Should I stop fertilizing when using Algaefix? I had a bad case of hair and string algae. I started using Algaefix as per instructions 6 days ago, but continue with the ferts. This is my third dose. There is no or little algae on new growth, but the old hair algae doesn't seem to be dying. How long does it take before the hair algae started dying off.


----------



## herns (Aug 28, 2007)

art_b said:


> Should I stop fertilizing when using Algaefix? I had a bad case of hair and string algae. I started using Algaefix as per instructions 6 days ago, but continue with the ferts. This is my third dose. There is no or little algae on new growth, but the old hair algae doesn't seem to be dying.
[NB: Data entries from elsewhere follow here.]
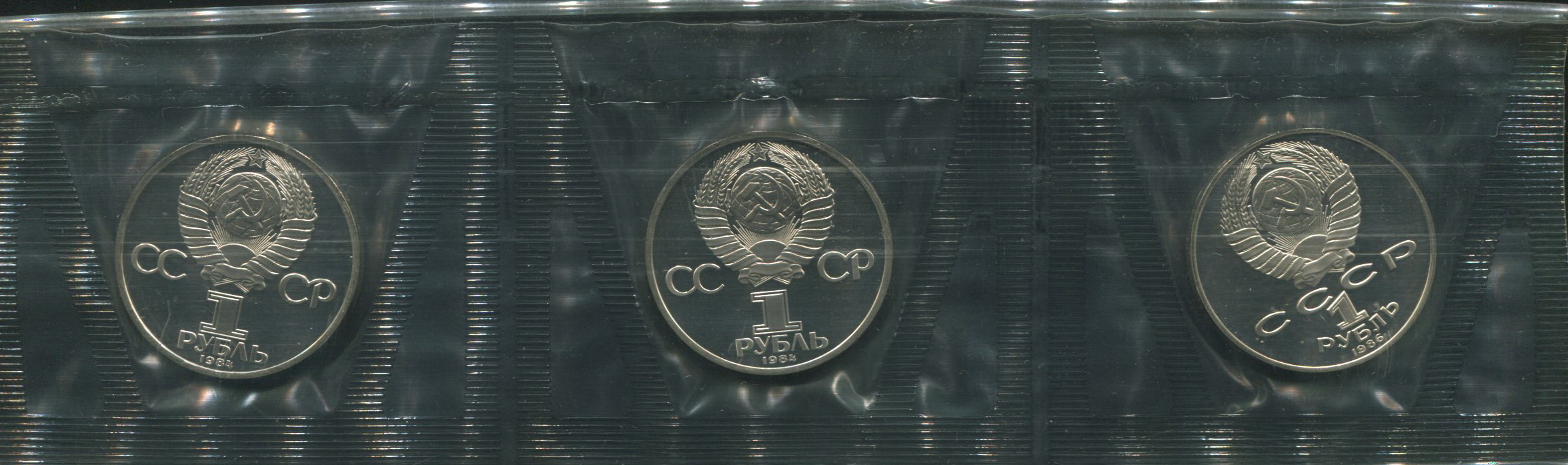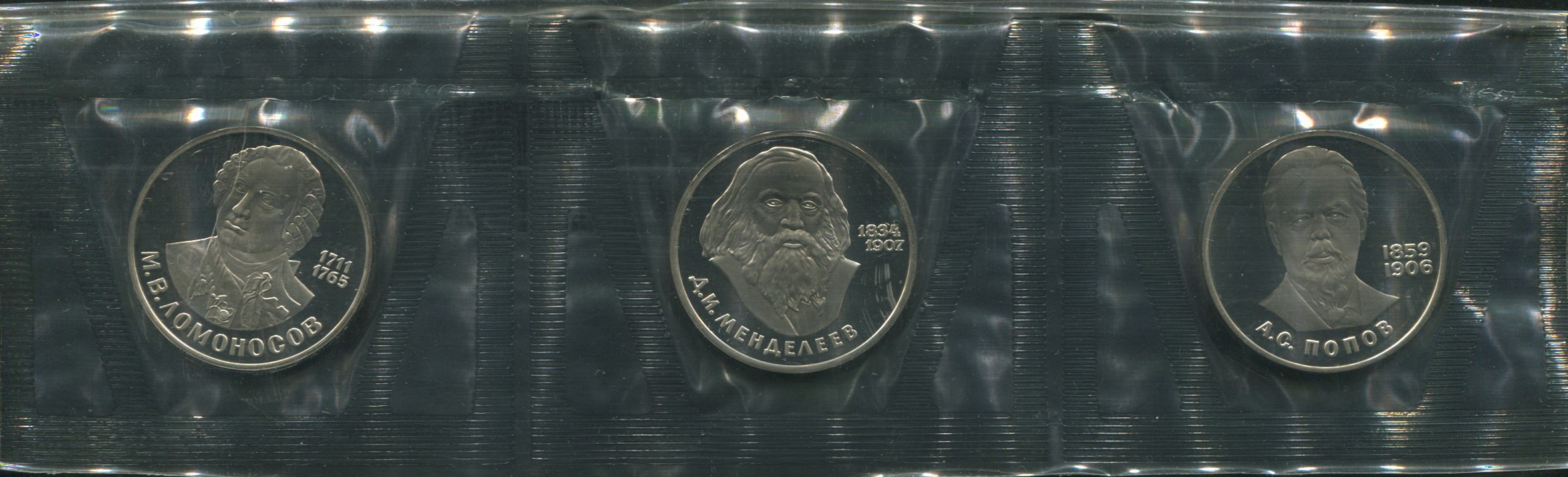 Набор из 3-х юбилейных монет Рубль "Ломоносов", "Менделеев", "Попов" (в запайке)
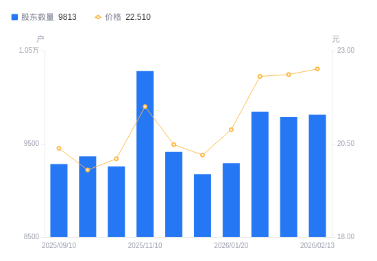 日期A股户数(户)流通A股户均持股数(股)户均持股市值(万元)2026-02-13981316091.9936.222026-02-10978716134.7436.082026-01-31984616038.0535.782026-01-20929216994.2635.482026-01-10917517210.9734.772025-11-30941416774.0334.352025-11-101028215343.4032.992025-09-30925817040.4934.252025-09-20936616843.9933.352025-09-10928316994.6034.63
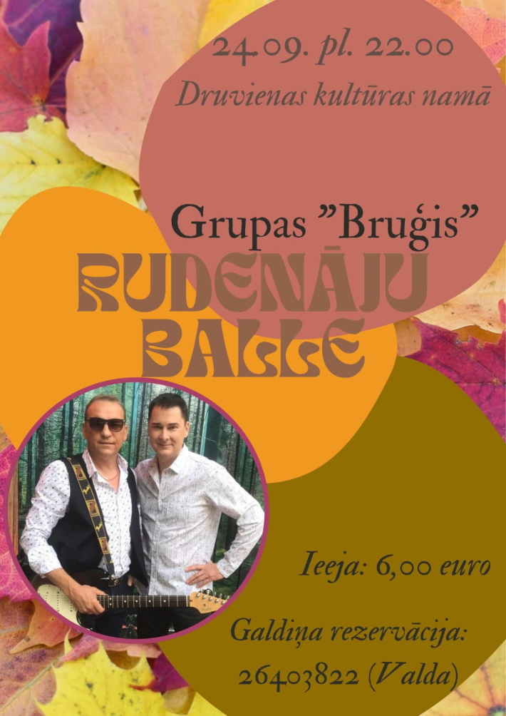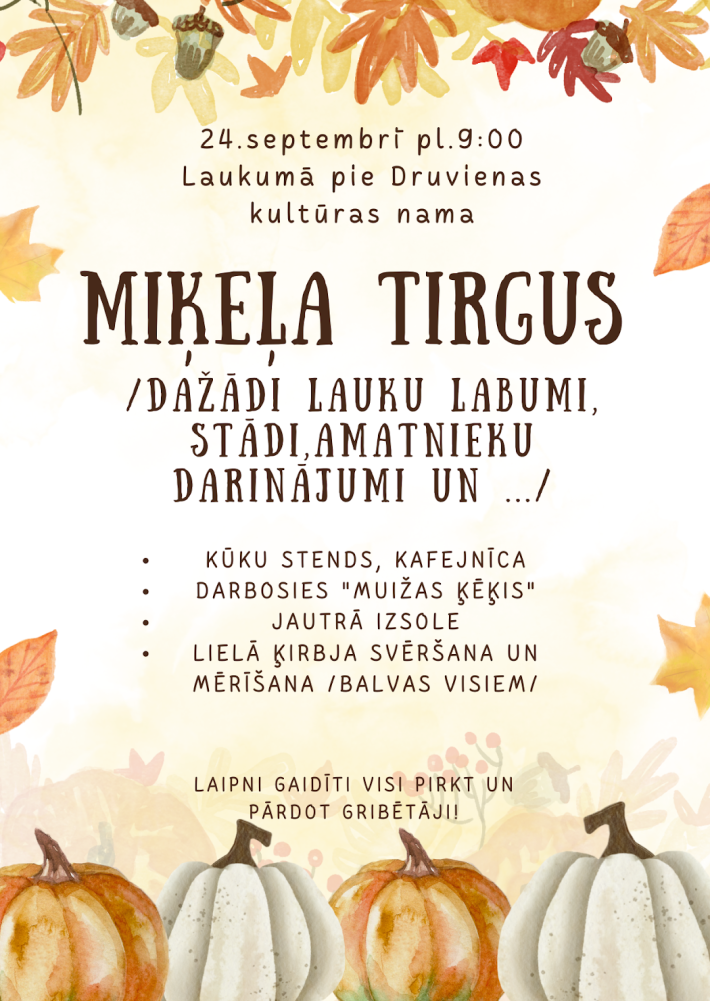 - 24. septembrī Druvienā 9:00 Miķeļdienas tirgus, 22:00 balle, spēlēs "Bruģis" (ieeja 6 EUR).

How long does it take before the hair algae started dying off.


ALgaefix works if the parameters of your tank is balance. If you let algaefix alone to work without watching your parameters or there is still imbalance happening in your tank, then algaefix will not work.

I have hair algae that I coudnt get rid of for few mos despite all parameters are ok. I dose algaefix and they vanished.


----------



## Diana K (Dec 20, 2007)

When I used Algae Fix some of the algae never seemed to die, but some algae right at the surface, where the Algae Fix was added to the tank died very quickly (couple of days). I think the Algae Fix was not yet fully diluted when it contacted the algae that died so fast. 
Perhaps the dose you are using is too small? It is a good sign that the algae is not reproducing and spreading to the new plant leaves. 
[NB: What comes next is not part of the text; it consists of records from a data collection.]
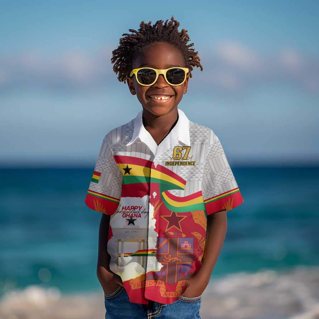 Ghana Independence Day Kid Hawaiian Shirt with Freedom and Justice and African Pattern
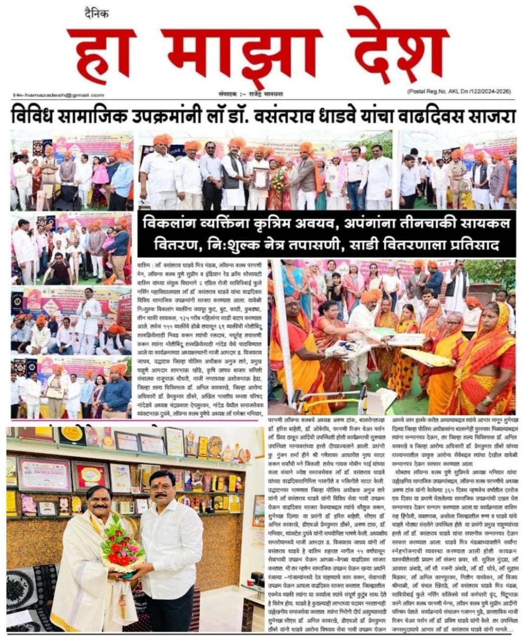The final distribution ceremony took place with IPS Anuj Tare, RC Priya Thakur, Former MLA Adv. Vijay Jadhav, Lion Dr. Vasantrao Dhadve inaugurating the event. This was a key moment for the beneficiaries, who were empowered with mobility and independence.
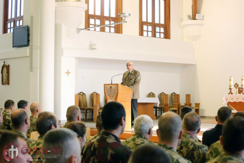 Sajtos Szilárd református tábori lelkész a becsületről, az erényről és a kitartásról beszélt a katonáknak.
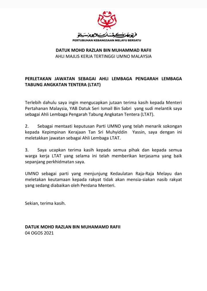 Fab Rahman On Twitter Done Deal Datuk Razlan Rafii Resigns His Position As Ltat Board Member That No One Knew He Was Part Of Last Minute Bid By Ismail Sabri Did
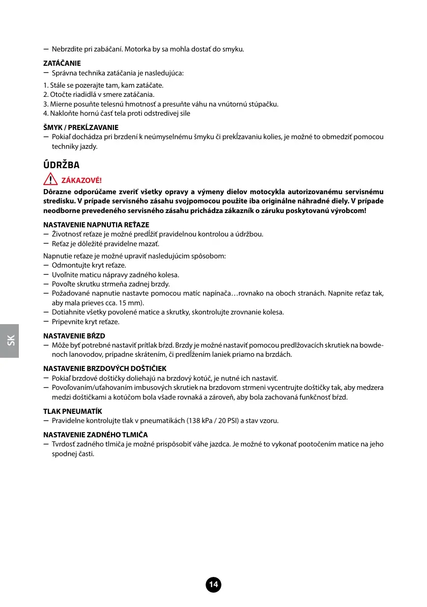 Dôrazne odporúčame zveriť všetky opravy a výmeny dielov motocykla autorizovanému servisnému

As suggested by herns, look into the fertilizer and everything else. See if something is out of balance. If the algae keeps coming back, then adjust whatever is not right and kill the algae again. Eventually you will reach a point where conditions are pretty bad for the algae, and when you kill it it will not come back.


----------



## art_b (Sep 2, 2006)

Started Dosing every other day instead of every 3 days. Some of the algae is starting to go brown. Also added a circulation pump to get the Algaefix and ferts reach those dead spots. Will see how this one goes.


----------